Główna bohaterka powieści Drogiej, doktor Irena Ćwiertnia, istniała naprawdę. W 1941 r., w czasie okupacji, rozpoczęła naukę w, utworzonej przez Niemców, Prywatnej Szkole Zawodowej dla Pomocniczego Personelu Sanitarnego dr. Jana Zaorskiego. Niemcy zgodzili się, by Polacy kształcili się jedynie na pomocniczy personel medyczny, gdyż obawiali się chorób np. tyfusu, lecz nie zezwalali na studia medyczne. Rzecz w tym, że choć oficjalnie szkoła Zaorskiego była jedynie szkołą zawodową, w rzeczywistości, nauka przebiegała tam zgodnie z kursem dla studentów medycyny. Dzień, w którym młoda Irka Ćwiernia dostała się na tajne, medyczne studia, opisywała jako najpiękniejszy dzień w jej życiu.

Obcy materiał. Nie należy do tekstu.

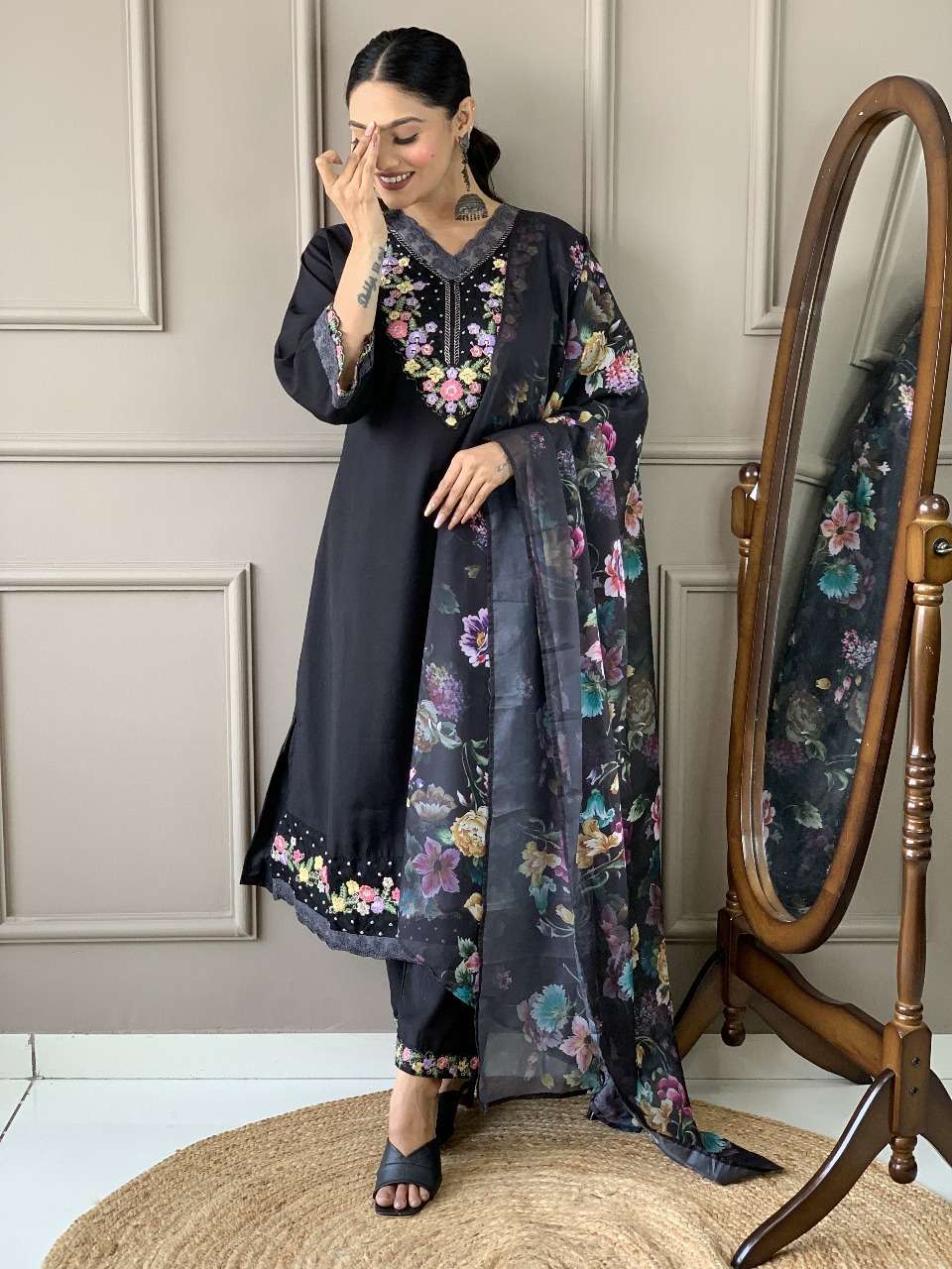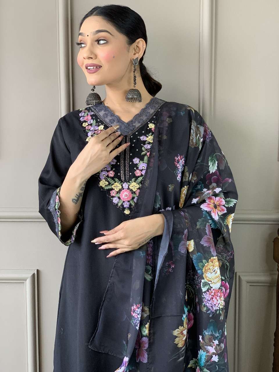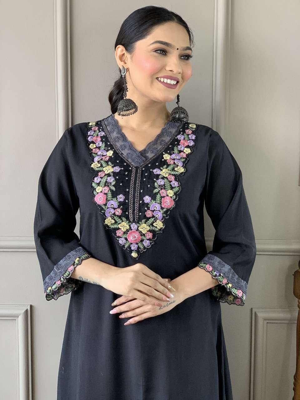 KAJAL BLACK CHANDERI silk kurti collection manufacturer surat

Książka Katarzyny Drogiej, choć to powieść, oparta jest na pamiętnikach Ireny Ćwiertni-Sitowskiej. To niezwykły zapis życia studentów medycyny w okresie okupacji oraz ich udziału w powstaniu warszawskim. Mnóstwo tu, wspomnianej wcześniej radości, żartów, śmiechów (np. wspólna nauka, spacery, impreza sylwestrowa) – tak bardzo potrzebnych w trudnej, wojennej rzeczywistości i będących rodzajem ucieczki w „normalność”.
Najpiękniejszy wydaje mi się wątek tragicznej miłości (nie sądziłam, że to kiedykolwiek napiszę) Irki i Jerzego Jendryszka. Połączyła ich medycyna, rozdzieliła wojna. Młodzi, zakochani, snuli plany na przyszłość, choć Jerzy jakby przeczuwał, że może to być historia bez happy endu i odpowiedzialnie nie chciał wiązać Irki małżeńską przysięgą. Zginął walcząc w powstaniu warszawskim, choć szczegóły jego śmierci przez wiele lat utrzymywane były w tajemnicy…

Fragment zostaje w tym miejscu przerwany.